*EXERCISE OBJECTIVE:* All lines from the one containing "真ん中には船に乗って、魚を網" through the end of the data below are to be repeated exactly, with pictures left out.

----------------

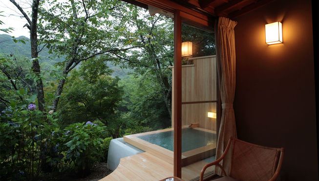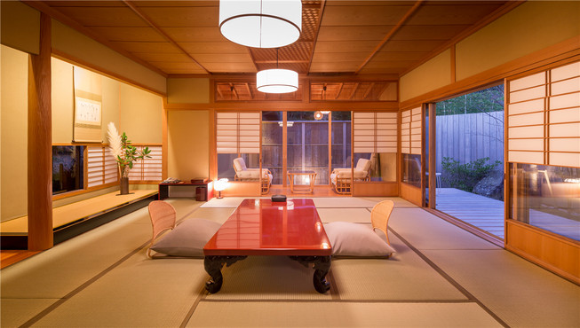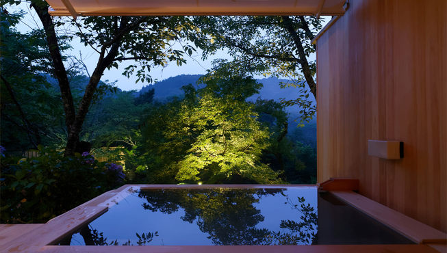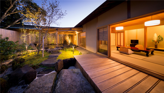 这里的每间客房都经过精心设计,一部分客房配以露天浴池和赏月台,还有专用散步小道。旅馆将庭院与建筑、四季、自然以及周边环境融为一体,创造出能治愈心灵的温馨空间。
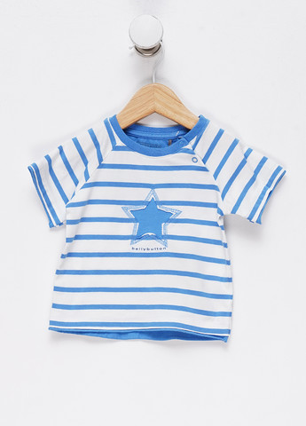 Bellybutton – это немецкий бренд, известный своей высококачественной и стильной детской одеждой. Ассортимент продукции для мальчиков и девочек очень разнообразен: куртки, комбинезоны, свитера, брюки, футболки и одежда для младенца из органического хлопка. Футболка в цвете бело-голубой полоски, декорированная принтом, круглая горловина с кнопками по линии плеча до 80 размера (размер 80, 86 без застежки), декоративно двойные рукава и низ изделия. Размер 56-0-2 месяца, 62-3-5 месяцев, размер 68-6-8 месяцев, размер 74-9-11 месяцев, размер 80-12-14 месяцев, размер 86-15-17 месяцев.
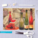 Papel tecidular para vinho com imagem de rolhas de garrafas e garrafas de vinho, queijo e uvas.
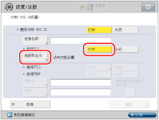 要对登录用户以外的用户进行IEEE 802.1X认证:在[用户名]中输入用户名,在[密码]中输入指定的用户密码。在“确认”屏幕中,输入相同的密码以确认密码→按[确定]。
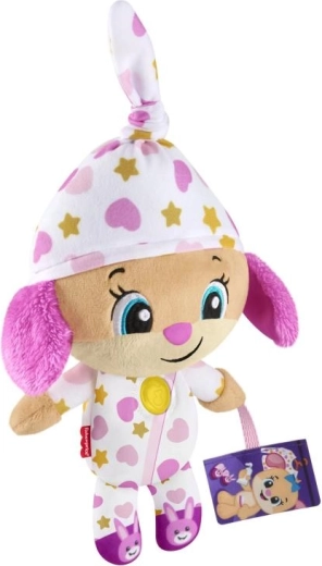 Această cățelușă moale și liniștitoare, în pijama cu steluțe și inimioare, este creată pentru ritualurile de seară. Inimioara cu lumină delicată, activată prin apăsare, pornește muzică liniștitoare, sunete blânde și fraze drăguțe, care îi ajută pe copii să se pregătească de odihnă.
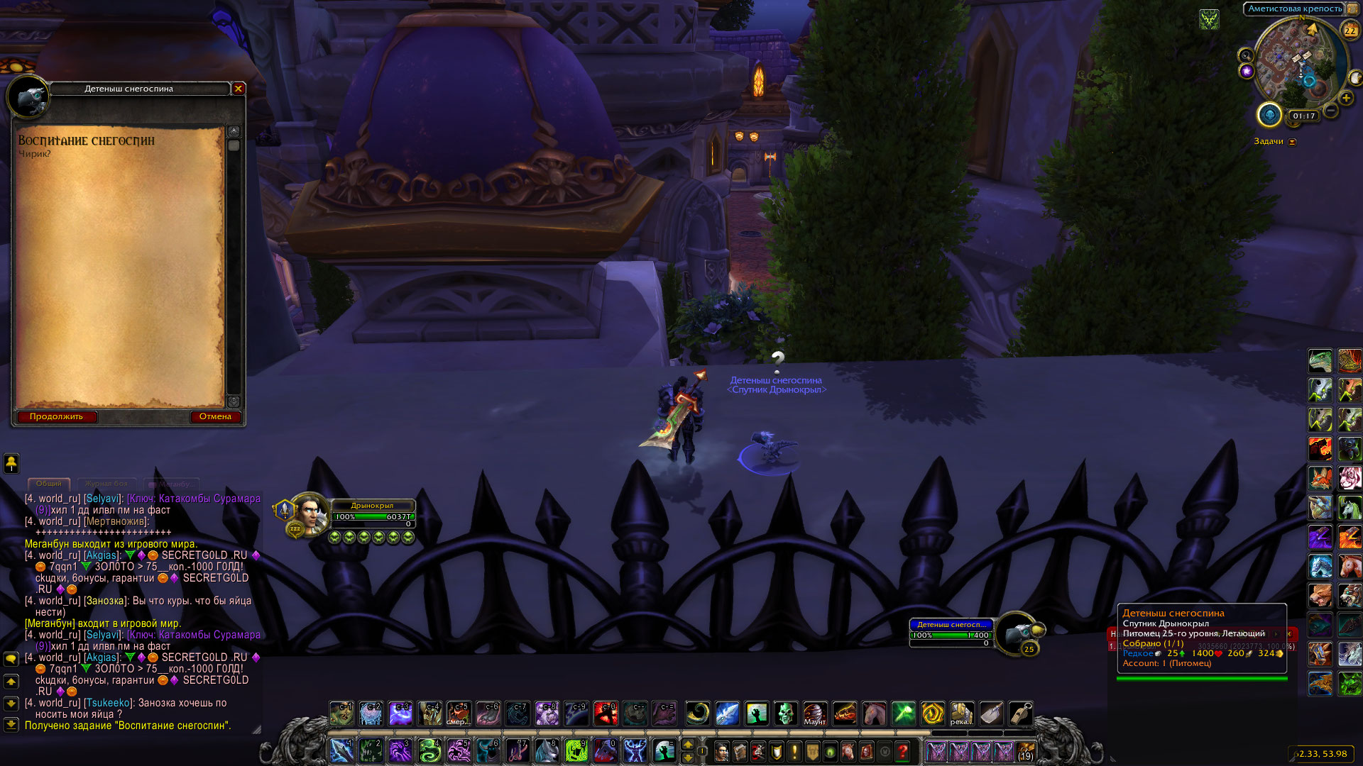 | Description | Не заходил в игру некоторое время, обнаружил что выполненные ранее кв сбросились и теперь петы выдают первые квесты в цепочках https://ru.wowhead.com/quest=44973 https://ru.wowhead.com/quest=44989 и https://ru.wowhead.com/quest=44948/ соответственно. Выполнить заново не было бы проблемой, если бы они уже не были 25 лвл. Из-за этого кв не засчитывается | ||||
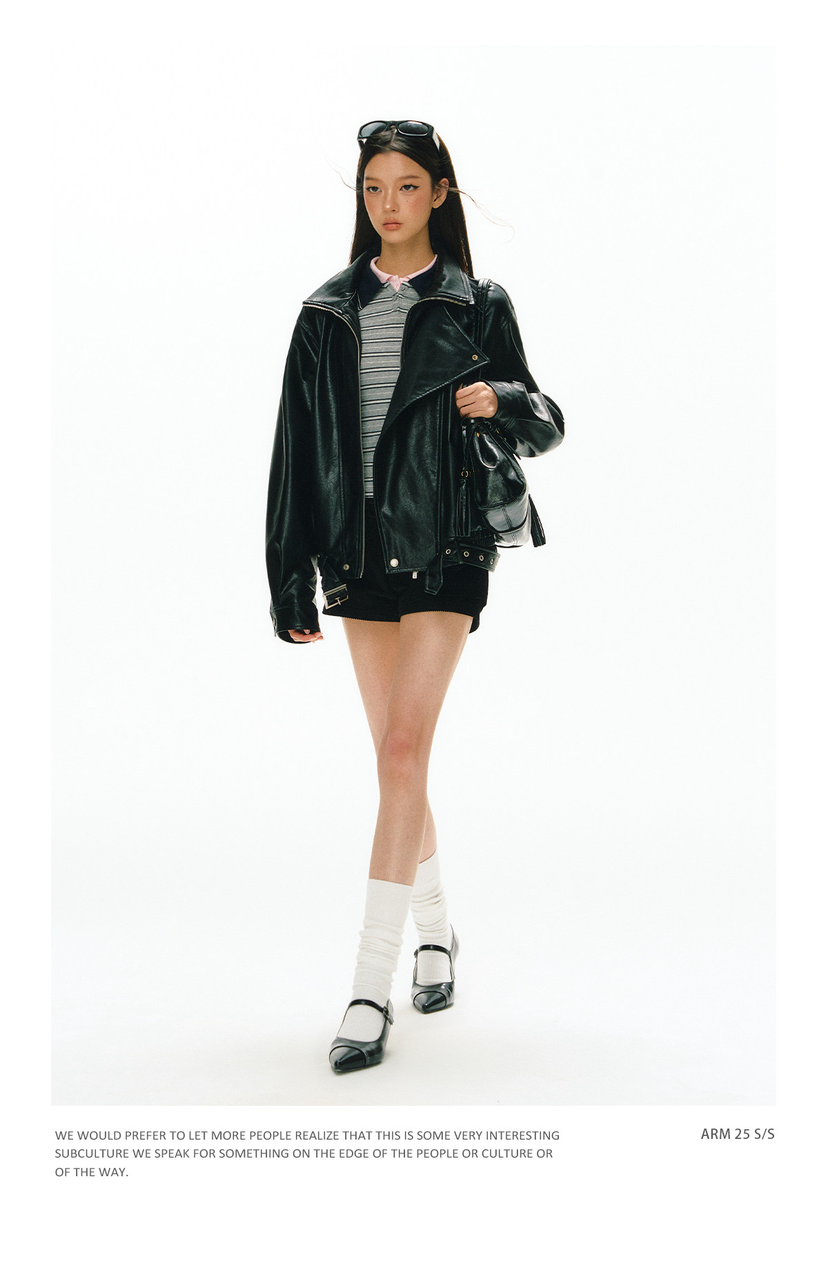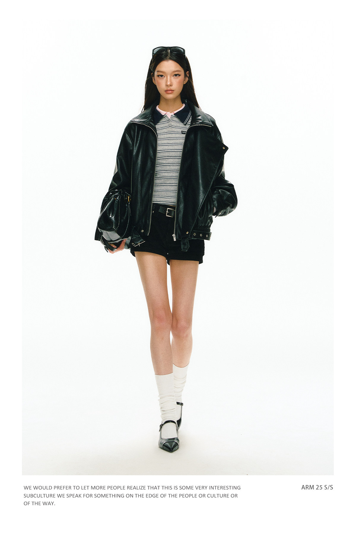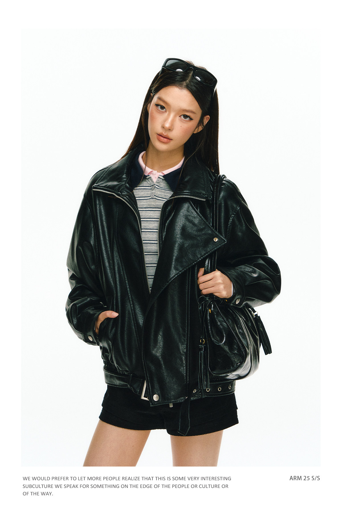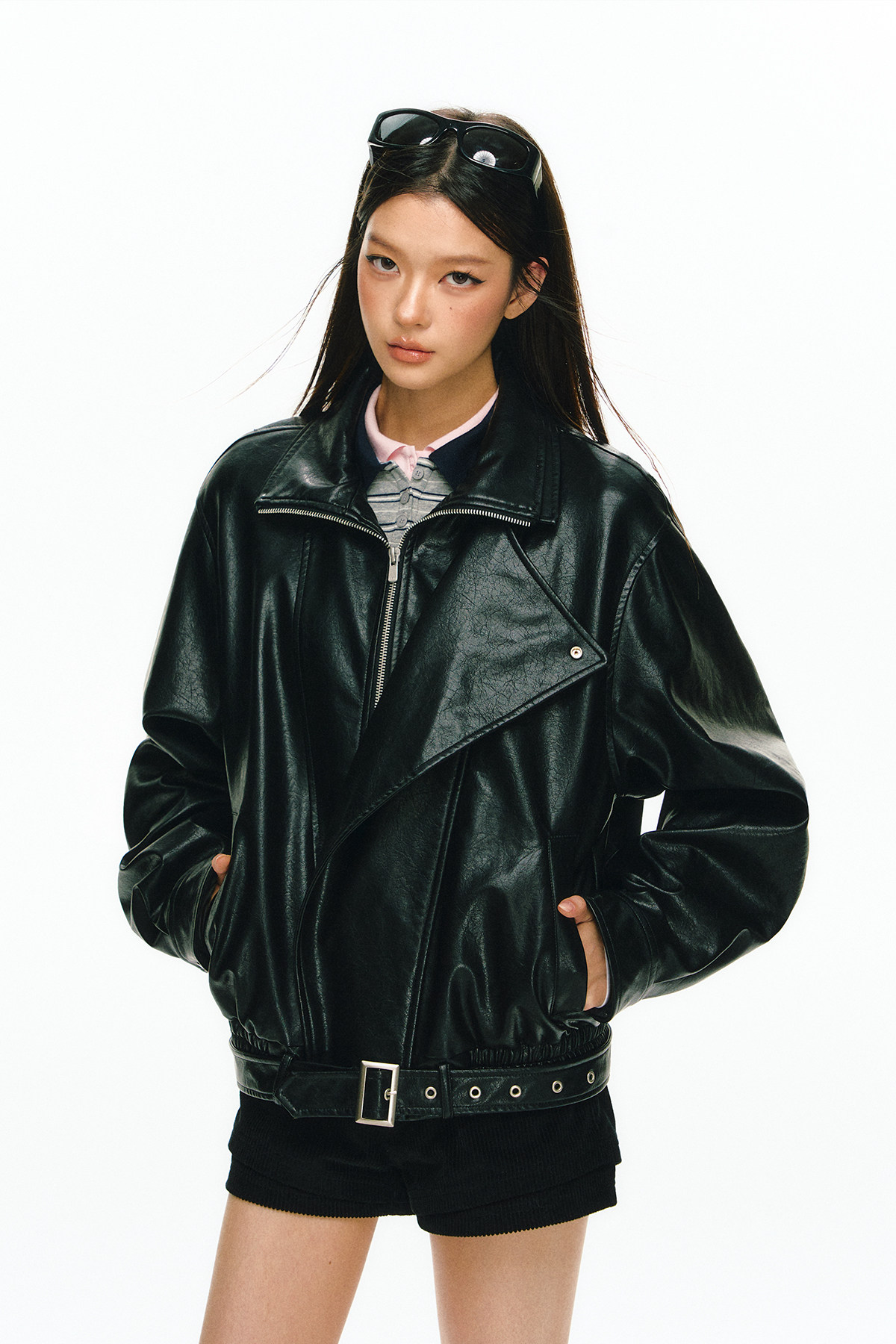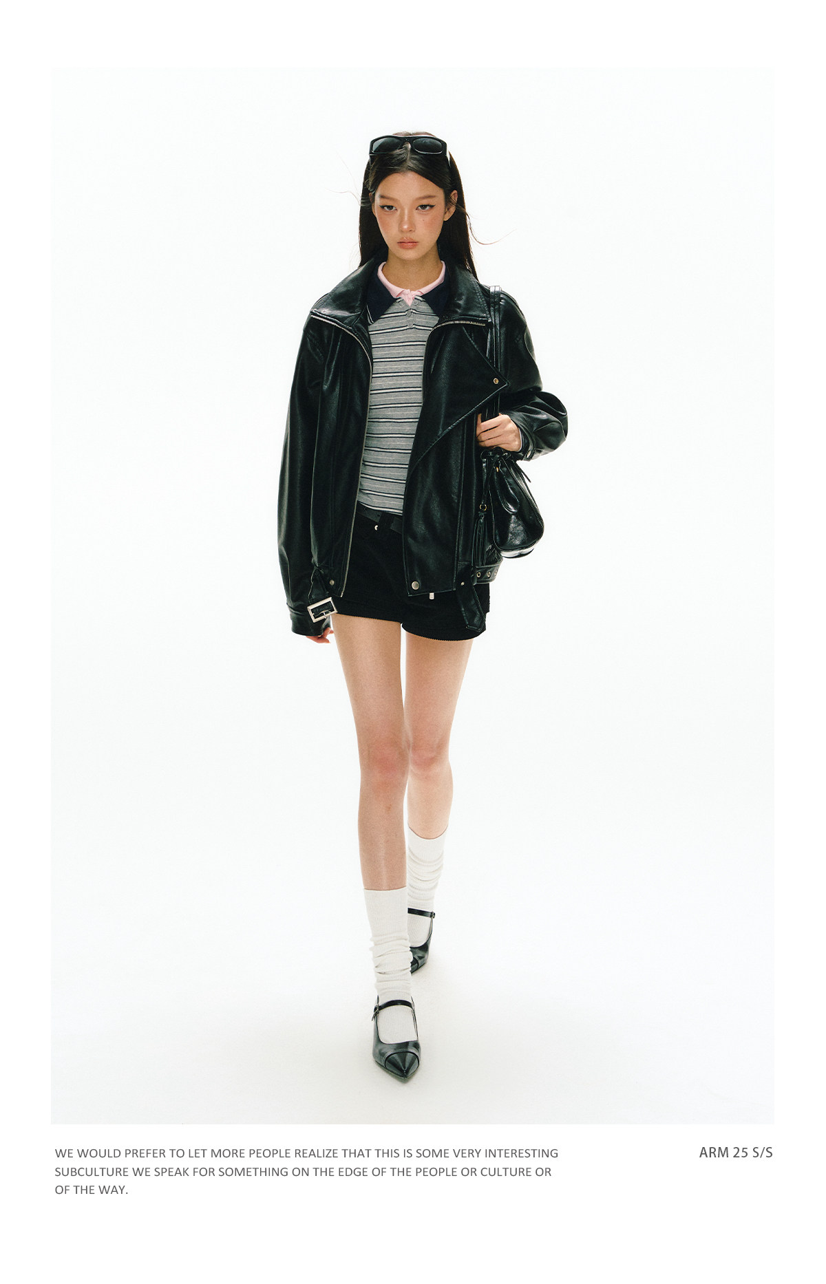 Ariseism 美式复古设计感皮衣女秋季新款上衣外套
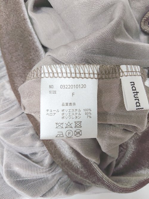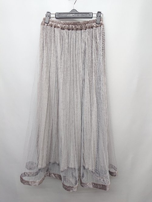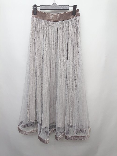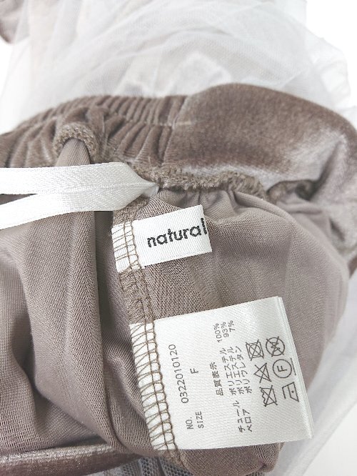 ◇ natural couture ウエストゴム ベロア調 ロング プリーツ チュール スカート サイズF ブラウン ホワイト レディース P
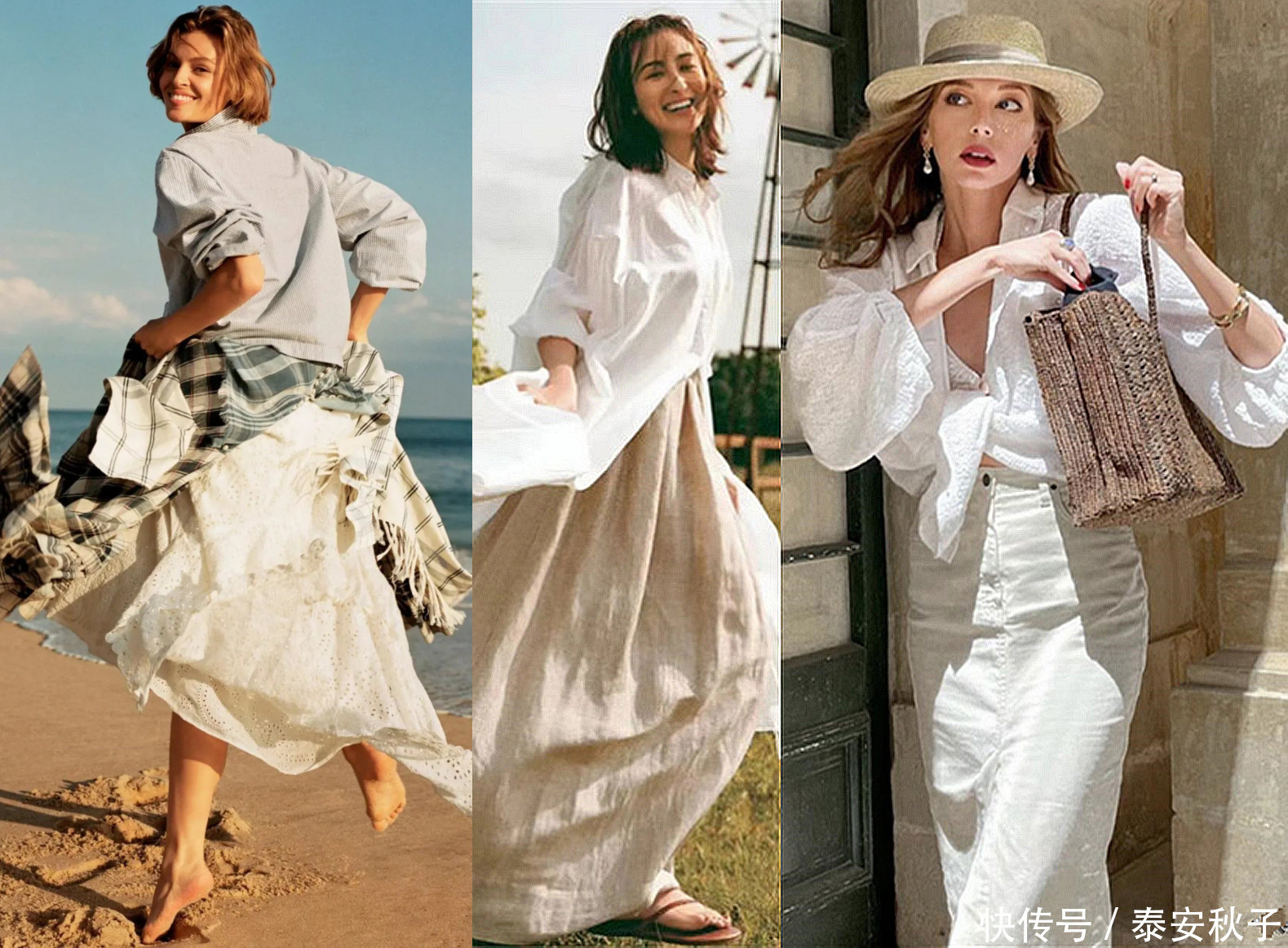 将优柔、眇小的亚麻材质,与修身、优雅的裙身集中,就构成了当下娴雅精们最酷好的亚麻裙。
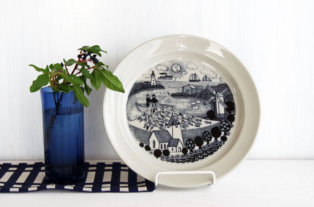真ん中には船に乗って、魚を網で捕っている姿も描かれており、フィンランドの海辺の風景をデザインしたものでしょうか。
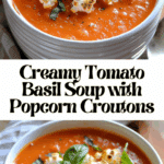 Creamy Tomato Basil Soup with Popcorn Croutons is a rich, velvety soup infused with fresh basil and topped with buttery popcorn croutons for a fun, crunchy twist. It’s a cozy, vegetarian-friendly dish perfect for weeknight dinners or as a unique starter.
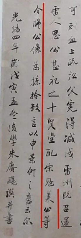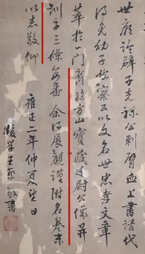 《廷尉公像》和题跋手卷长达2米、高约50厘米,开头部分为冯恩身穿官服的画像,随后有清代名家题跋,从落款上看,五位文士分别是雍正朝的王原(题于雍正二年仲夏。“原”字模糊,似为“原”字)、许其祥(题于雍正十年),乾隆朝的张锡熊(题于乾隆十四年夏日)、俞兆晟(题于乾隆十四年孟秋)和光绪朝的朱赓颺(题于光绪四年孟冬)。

----------------

*PROBLEM SOLUTION:*
真ん中には船に乗って、魚を網で捕っている姿も描かれており、フィンランドの海辺の風景をデザインしたものでしょうか。
 Creamy Tomato Basil Soup with Popcorn Croutons is a rich, velvety soup infused with fresh basil and topped with buttery popcorn croutons for a fun, crunchy twist. It’s a cozy, vegetarian-friendly dish perfect for weeknight dinners or as a unique starter.
 《廷尉公像》和题跋手卷长达2米、高约50厘米,开头部分为冯恩身穿官服的画像,随后有清代名家题跋,从落款上看,五位文士分别是雍正朝的王原(题于雍正二年仲夏。“原”字模糊,似为“原”字)、许其祥(题于雍正十年),乾隆朝的张锡熊(题于乾隆十四年夏日)、俞兆晟(题于乾隆十四年孟秋)和光绪朝的朱赓颺(题于光绪四年孟冬)。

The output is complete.